WHAT NEEDS TO BE DONE
Your output should be everything below from the line containing "Poslovna zgrada tlocrtne" down to the line containing "Compacfoam thermal breaks", both ends included, copied exactly, with pictures left out.

[INFORMATION]

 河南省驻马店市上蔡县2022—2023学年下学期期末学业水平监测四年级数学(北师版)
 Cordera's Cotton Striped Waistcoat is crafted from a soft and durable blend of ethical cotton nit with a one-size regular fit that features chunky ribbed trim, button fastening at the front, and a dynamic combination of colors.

[/INFORMATION]
[INFORMATION]

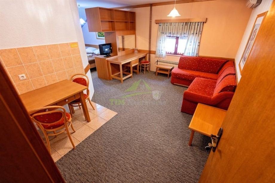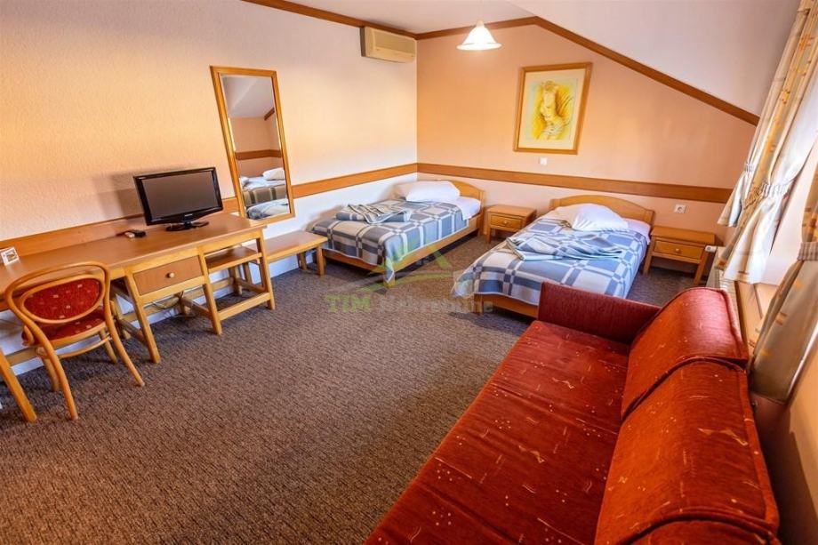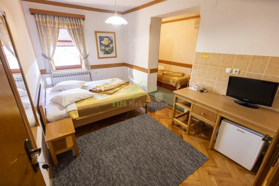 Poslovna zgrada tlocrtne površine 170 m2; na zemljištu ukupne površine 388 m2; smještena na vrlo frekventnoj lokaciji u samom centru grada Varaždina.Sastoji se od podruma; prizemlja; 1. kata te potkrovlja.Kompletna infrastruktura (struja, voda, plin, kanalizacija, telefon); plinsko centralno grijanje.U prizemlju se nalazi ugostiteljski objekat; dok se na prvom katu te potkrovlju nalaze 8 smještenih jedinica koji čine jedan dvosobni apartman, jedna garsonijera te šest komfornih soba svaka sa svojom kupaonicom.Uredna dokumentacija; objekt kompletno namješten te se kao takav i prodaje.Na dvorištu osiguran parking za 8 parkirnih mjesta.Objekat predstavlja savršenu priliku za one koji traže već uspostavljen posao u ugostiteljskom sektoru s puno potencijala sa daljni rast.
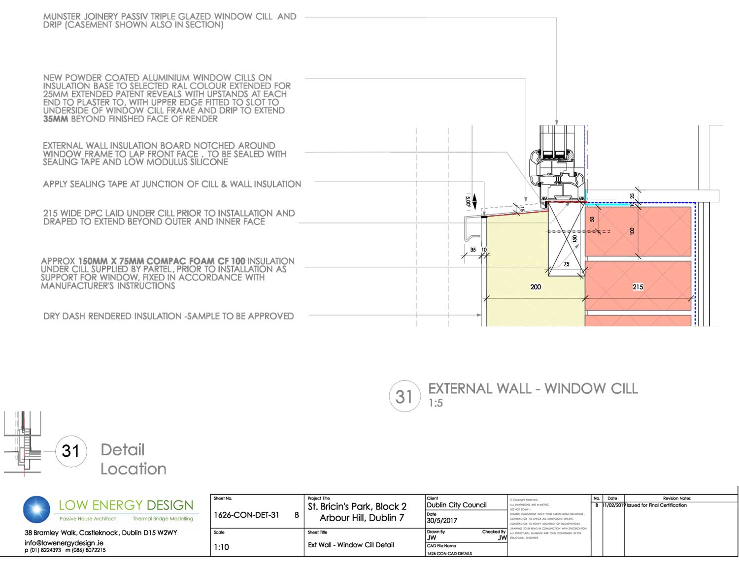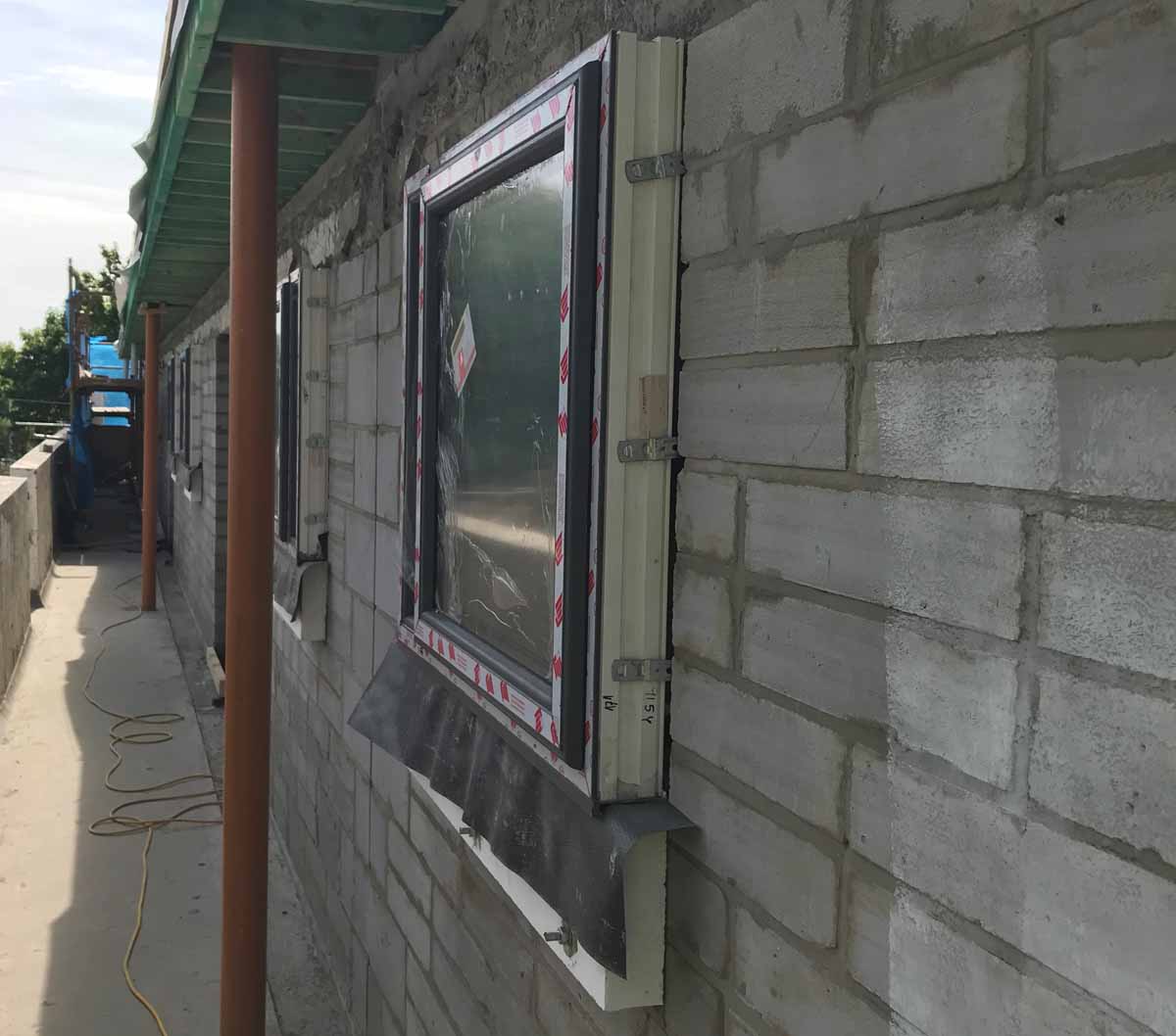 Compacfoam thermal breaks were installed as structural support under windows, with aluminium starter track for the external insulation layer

[/INFORMATION]
[INFORMATION]

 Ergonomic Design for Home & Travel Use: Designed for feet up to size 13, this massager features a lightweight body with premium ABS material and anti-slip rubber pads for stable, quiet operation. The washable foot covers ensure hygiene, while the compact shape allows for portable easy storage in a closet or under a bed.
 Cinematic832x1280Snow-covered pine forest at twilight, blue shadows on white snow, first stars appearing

[/INFORMATION]

TASK RESULT
 Poslovna zgrada tlocrtne površine 170 m2; na zemljištu ukupne površine 388 m2; smještena na vrlo frekventnoj lokaciji u samom centru grada Varaždina.Sastoji se od podruma; prizemlja; 1. kata te potkrovlja.Kompletna infrastruktura (struja, voda, plin, kanalizacija, telefon); plinsko centralno grijanje.U prizemlju se nalazi ugostiteljski objekat; dok se na prvom katu te potkrovlju nalaze 8 smještenih jedinica koji čine jedan dvosobni apartman, jedna garsonijera te šest komfornih soba svaka sa svojom kupaonicom.Uredna dokumentacija; objekt kompletno namješten te se kao takav i prodaje.Na dvorištu osiguran parking za 8 parkirnih mjesta.Objekat predstavlja savršenu priliku za one koji traže već uspostavljen posao u ugostiteljskom sektoru s puno potencijala sa daljni rast.
 Compacfoam thermal breaks were installed as structural support under windows, with aluminium starter track for the external insulation layer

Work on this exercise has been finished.